My pyr nimbus is bred by our pyr male will be born on halloween they will be ready for christmas!!!


----------



## elevan (Aug 31, 2011)

Pics are required 

Congratulations!


----------



## EllieMay (Sep 1, 2011)

Congratulations!

Can't wait to see pics!!!


----------



## GLENMAR (Sep 1, 2011)

Where are you located? I am looking for one.


----------



## Sunny & the 5 egg layers (Oct 13, 2011)

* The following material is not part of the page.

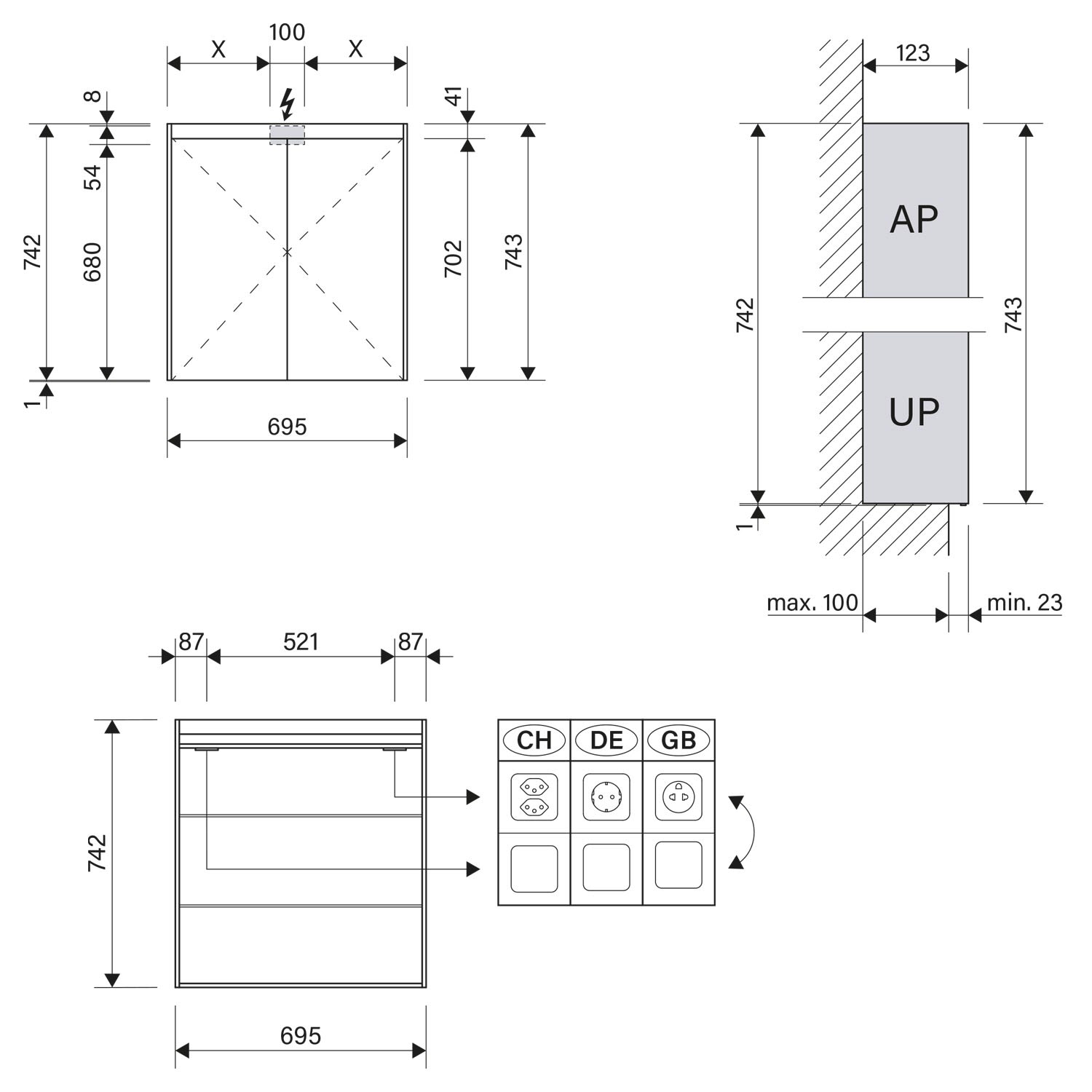 - Aufputz- oder Unterputz-Montage, maximale Einbautiefe 10 cm

Congratulations!  Pictures are a must!


----------



## Ms. Research (Oct 14, 2011)

Congratulations on the pending puppy birth.  Hope all goes well.  Can't wait to see Fluffy puppies!


----------



## 77Herford (Oct 15, 2011)

Puppies are wonderful.  I like how the mother dog tends to them and how their bond grows over time.  Just the site of a cute puppy makes you want to


----------



## Sunny & the 5 egg layers (Nov 2, 2011)

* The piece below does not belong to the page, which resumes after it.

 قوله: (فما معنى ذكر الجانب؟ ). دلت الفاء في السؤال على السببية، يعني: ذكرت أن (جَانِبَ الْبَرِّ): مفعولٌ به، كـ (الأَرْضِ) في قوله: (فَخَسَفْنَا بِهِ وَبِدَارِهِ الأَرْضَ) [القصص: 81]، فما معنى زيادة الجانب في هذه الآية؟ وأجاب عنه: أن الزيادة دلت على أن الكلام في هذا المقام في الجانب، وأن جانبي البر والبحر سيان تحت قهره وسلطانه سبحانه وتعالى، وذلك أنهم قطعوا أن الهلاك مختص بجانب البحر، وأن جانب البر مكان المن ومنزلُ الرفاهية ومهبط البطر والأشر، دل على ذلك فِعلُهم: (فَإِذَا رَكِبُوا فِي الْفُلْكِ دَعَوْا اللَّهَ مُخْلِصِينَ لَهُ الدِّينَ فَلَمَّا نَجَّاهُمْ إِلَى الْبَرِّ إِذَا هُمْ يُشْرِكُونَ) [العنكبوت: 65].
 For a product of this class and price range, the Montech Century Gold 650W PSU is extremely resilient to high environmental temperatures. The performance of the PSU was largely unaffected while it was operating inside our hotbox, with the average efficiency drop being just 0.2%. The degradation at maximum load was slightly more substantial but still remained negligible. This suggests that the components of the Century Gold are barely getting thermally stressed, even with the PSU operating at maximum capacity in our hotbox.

How are the puppies and momma? I hope all went well!


----------



## Ms. Research (Nov 2, 2011)

Sunny & the 5 egg layers said:
			
		

> How are the puppies and momma? I hope all went well!


X2


----------



## EllieMay (Nov 4, 2011)

Ms. Research said:
			
		

> Sunny & the 5 egg layers said:
> 
> 
> 
> ...


*x3*


----------